Da muss ich zen-buddhistisch antworten: Der Weg ist das Ziel. Außer natürlich, ganz pragmatisch, fertig zu werden. Und auch das ist eine Kunst für sich: zu wissen, wann ein Text fertig ist.

Aber du würdest nicht für die Schublade schreiben?

Nee, ich will publiziert werden. Ich will auf keinen Fall für die Schublade schreiben!

Warum nicht?

Weil schreiben keine Therapie ist. Das Schreiben ist nicht für mich. Es ist ein Akt der Vermittlung. Also, warum sollte man es zu seinem Beruf machen zu sprechen oder zu schreiben, was sich sehr nahe ist, wenn man nicht wollte, dass die Menschen einem genau darin folgen?

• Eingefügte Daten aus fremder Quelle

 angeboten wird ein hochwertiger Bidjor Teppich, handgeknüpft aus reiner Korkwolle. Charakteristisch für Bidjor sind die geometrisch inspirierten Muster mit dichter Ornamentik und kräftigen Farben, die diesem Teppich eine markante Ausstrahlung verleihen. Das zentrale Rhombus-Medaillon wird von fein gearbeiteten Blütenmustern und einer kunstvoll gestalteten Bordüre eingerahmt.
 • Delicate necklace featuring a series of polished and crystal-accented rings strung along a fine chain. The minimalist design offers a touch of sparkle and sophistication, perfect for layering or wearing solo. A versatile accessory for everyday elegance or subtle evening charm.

Also geht es darum, sich verständlich zu machen?

Ja, es geht darum, sich verständlich zu machen. Und dafür braucht man eine erzählerische Matrix. Die Qualität dieser Matrix beruht darauf, ob man seine Stimme findet.

Geht es dann auch darum verstanden zu werden?

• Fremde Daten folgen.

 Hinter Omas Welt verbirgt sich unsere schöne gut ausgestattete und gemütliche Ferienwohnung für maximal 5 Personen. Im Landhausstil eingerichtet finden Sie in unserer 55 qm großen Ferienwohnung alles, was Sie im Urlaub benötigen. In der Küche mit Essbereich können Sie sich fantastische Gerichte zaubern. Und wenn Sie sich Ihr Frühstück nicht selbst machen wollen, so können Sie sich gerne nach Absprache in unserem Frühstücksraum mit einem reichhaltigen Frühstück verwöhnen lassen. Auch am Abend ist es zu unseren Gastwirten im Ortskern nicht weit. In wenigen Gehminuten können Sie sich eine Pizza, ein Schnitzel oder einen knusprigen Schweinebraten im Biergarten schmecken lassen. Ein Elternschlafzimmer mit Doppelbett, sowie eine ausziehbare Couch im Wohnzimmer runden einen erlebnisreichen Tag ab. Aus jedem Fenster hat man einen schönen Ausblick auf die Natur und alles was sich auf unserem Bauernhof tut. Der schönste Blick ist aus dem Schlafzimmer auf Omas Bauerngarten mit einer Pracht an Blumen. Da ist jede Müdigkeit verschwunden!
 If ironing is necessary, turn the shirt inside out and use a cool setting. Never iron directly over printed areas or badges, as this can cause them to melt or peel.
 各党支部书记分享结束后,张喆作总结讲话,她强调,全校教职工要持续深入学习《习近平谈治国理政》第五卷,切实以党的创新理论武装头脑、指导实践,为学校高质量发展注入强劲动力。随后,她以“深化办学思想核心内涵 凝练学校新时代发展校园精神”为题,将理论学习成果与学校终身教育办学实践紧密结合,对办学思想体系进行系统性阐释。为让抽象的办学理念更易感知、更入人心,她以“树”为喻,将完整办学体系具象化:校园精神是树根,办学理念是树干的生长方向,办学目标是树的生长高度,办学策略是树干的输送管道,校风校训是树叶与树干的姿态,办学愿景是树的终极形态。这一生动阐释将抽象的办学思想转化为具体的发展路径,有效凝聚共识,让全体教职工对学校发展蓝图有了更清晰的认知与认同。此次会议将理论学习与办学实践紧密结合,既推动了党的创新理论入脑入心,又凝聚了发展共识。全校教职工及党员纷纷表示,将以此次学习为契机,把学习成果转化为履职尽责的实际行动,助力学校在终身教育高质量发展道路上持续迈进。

Ich habe in der Tat die Kritiken seit meinem ersten Roman aus einem bestimmten Anlass nochmal gelesen neulich. Und ich muss sagen, dass ich zutiefst gerührt bin, wie erst noch aus so einer gewissen Befremdung heraus, doch die Kritik immer näher heranrückt. An mein Sehen, meinen Ton, meine Witze, den Abgrund meiner Texte. Und am Ende, also die letzte richtige Kritik hat glaube ich sowas gesagt wie, dass das sogar sein könne, dass meine Texte letztendlich gar keinen Gegenstand hätten. Sie wären geheimnisvoll und man würde doch dazu neigen, zu einer mehrfachen Lektüre. Das habe ich dann in mehreren Kritiken gefunden, ähnliche Beobachtungen. Und da fühle ich mich natürlich ungeheuer geehrt, weil ich da im Grunde auf der Seite der Abstraktion angekommen bin. Und ich habe schon geahnt, dass ich dahin wollte. Ich habe aber gewusst, dass ich nicht opake Gedichte schreiben möchte, die keiner versteht, um zu beweisen, dass in der Sprache der Abgrund des Lebens zu finden ist, sondern ich wollte etwas flüssiges und verständliches schreiben, mit derselben Absicht, das Unsagbare auszuloten. Und wenn die Kritik natürlich sagt, das hat der hingekriegt, dann ist in gewisser Weise – weil du nach einem Ziel fragst – das Ziel erreicht.